One important aim of the Statement of Financial Position is to accurately report the value of the enterprise. The ‘true’ value of assets is achieved in various ways using a variety of techniques and one requirement when valuing inventory is the idea of ‘net realisable value’ (NRV).
0NRV represents the net value, real or estimated, to the enterprise after selling costs have been considered. For example, if there is are costs required to prepare the inventory for sale then those should be deducted from the expected selling price.
In normal circumstances, NRV would be higher than historic cost, leading to potential profit, but in some circumstances such as obsolescence, physical deterioration, etc, it can be lower. The requirement for financial reporting is to use the lower of historic cost or NRV.
How is it calculated?
Adjustments can arise in different ways. The simplest is where obsolescence, or similar, reduces the selling price. For example, inventory bought for £5 per unit with the initial intention of selling at £10 per unit would be held in inventory at the lower value, namely £5 per unit.
However, if the market price dropped to £4 per unit then the NRV is now lower than historic cost and the value of inventory would be reduced to £4 per unit. The adjustment recorded as an expense in the profit and loss account.

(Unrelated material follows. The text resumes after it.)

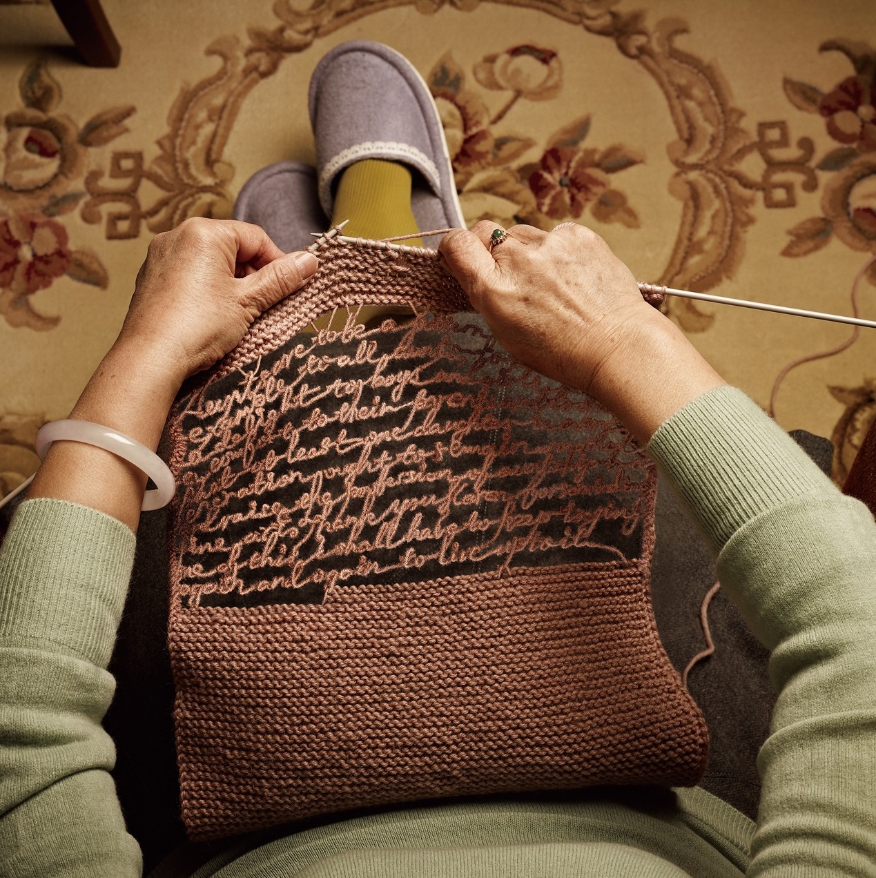 Wonderful way of making the idea of listening to audio books while knitting visualized through "knitted" text. So cosy. :)

Slightly more complicated are situations where the goods are damaged and require some form of repair to be placed in a saleable condition, albeit possibly with a different sales price. Consider the example above with a different situation whereby the items need to be repaired at a cost of 35p per unit to achieve a sales price of £5.25 The sales price is higher than cost, but the repair charge must be taken into account giving an NRV of (£5.25 – £0.35 =) £4.90. Once again the inventory would be reduced to the lower value with an appropriate charge to the P&L.
1. Be careful not to simply adjust to NRV. Adjusting the example above again, consider are-packaging charge of 50p per unit and a sales price of £6 per unit. While there is a vastly reduced sale price (£10 – £6) the comparison of NRV to historic cost is still paramount. In this situation the NRV is (£6 – £0.50 =) £5.50, which is higher than historic cost meaning that no adjustment is required.
2. Make sure inventories are not overstated. The valuation of inventories based on the lower of cost or NRV is an example of the prudence concept being applied. To present a ‘fairer’ picture of the enterprise it is essential that inventory values are correctly reviewed.